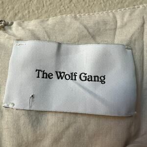 The Wolf Gang 'Feliz' midi dress in Ivory Polka Dot. Romantic and feminine, this off-the-shoulder cotton dress features a lace-up neckline, ruched puff sleeves, and a soft A-line silhouette. Size small – 17" pit to pit; 13.5" waist; 47" total length.
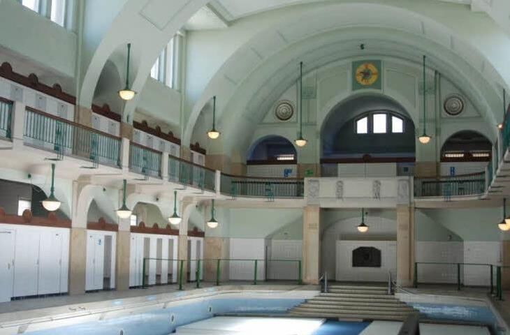 Aktuell wird der Jugendstilbau aus dem Jahr 1914 mit seinen drei Schwimmhallen und 66 Wannenbädern lediglich für Foto-Shootings genutzt.
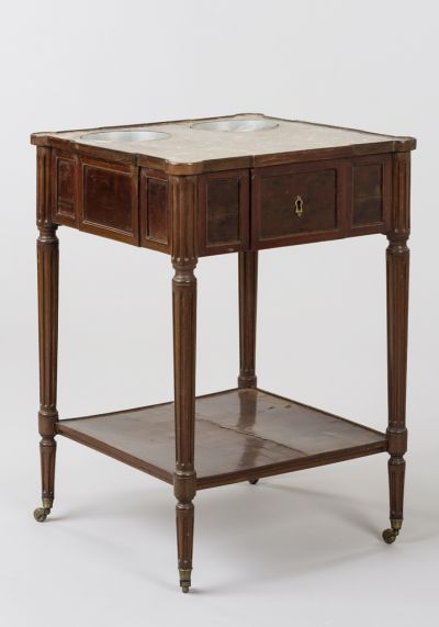 Négy, bronz görgős, felfelé szélesedő, vájatok, hengeres lábát lent négyzetes polc kapcsolja. Viszonylag széles kávájában egy fiók helyezkedik el. Márványlapja a sarkokon lekerített, középen két kerek nyílás alatt italhűtő rész.
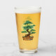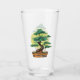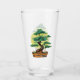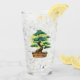 traditional watercolor design of a japanese bonsai tree in front of bright yellow sun on a drinking glass.
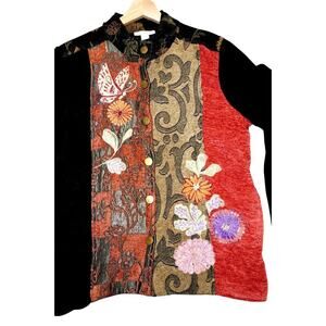Eye-catching bohemian-style jacket by Dressbarn featuring a mixed tapestry patchwork design with floral and butterfly embroidery. Earthy color palette with red, gold, black, and olive tones. Textured knit sleeves, side pockets, and antique gold-tone button front. A true artsy statement piece perfect for layering in fall and winter.
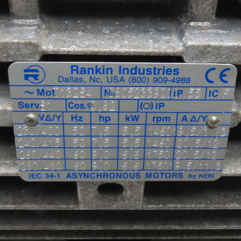 Rankin Industries 132S4 9HP AC Asynchronous Electric Motor 230/460V 3Ph 1750RPM
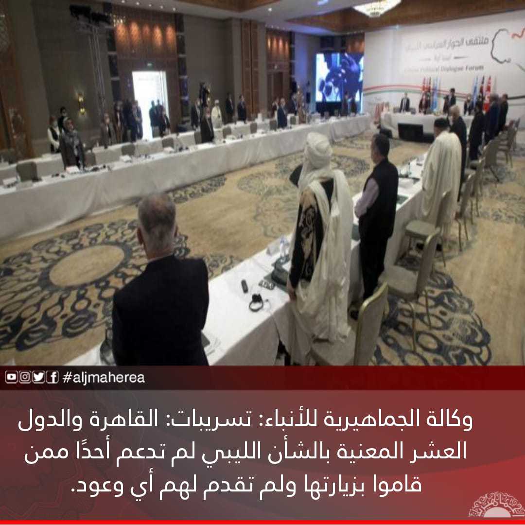 وكالة الجماهيرية للأنباء: تسريبات: القاهرة والدول العشر المعنية بالشأن الليبي لم تدعم أحدًا ممن قاموا بزيارتها ولم تقدم لهم أي وعود.
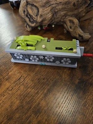 [This review was collected as part of a promotion.] How cute is this? My teens put it together in about 3 hours. You can switch the name plate out to 3 different languages. The back has clear blocks, so you can see the mechanisms working. It’s a great size, not “small” in any way. The ears can be positioned however you want. I just love the whole moving concept and hope to buy different versions, in the future. I’d definitely recommend this to any block builders out there. My oldest is 20 and always preferred Mega Blocks. My video is wonky because I was trying to hold my phone. But it turns fairly smooth.
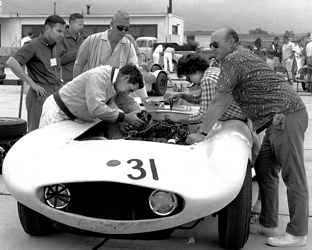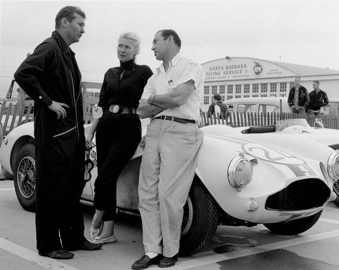 Bob Drake (left) campaigned Astons for wealthy-sportsman Joe Lubin (right) during the late fifties on the West Coast. DrakeÕs wife at the time, Mary Davis (center) usually won the ladiesÕ races in the same car. Photo: Art Evans
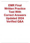 - EMR Final Written Practice Test With Correct Answers Updated 2024 Verified Q&A • Tentamen (uitwerkingen)

════════

**WORK TO COMPLETE**. Only the lines from the line with "وكالة الجماهيرية للأنباء: تسريبات: القاهرة" through the end of the entries above, copied exactly and with both ends included, belong in the response; the pictures do not.

**EXERCISE OUTPUT**.
 وكالة الجماهيرية للأنباء: تسريبات: القاهرة والدول العشر المعنية بالشأن الليبي لم تدعم أحدًا ممن قاموا بزيارتها ولم تقدم لهم أي وعود.
 [This review was collected as part of a promotion.] How cute is this? My teens put it together in about 3 hours. You can switch the name plate out to 3 different languages. The back has clear blocks, so you can see the mechanisms working. It’s a great size, not “small” in any way. The ears can be positioned however you want. I just love the whole moving concept and hope to buy different versions, in the future. I’d definitely recommend this to any block builders out there. My oldest is 20 and always preferred Mega Blocks. My video is wonky because I was trying to hold my phone. But it turns fairly smooth.
 Bob Drake (left) campaigned Astons for wealthy-sportsman Joe Lubin (right) during the late fifties on the West Coast. DrakeÕs wife at the time, Mary Davis (center) usually won the ladiesÕ races in the same car. Photo: Art Evans
 - EMR Final Written Practice Test With Correct Answers Updated 2024 Verified Q&A • Tentamen (uitwerkingen)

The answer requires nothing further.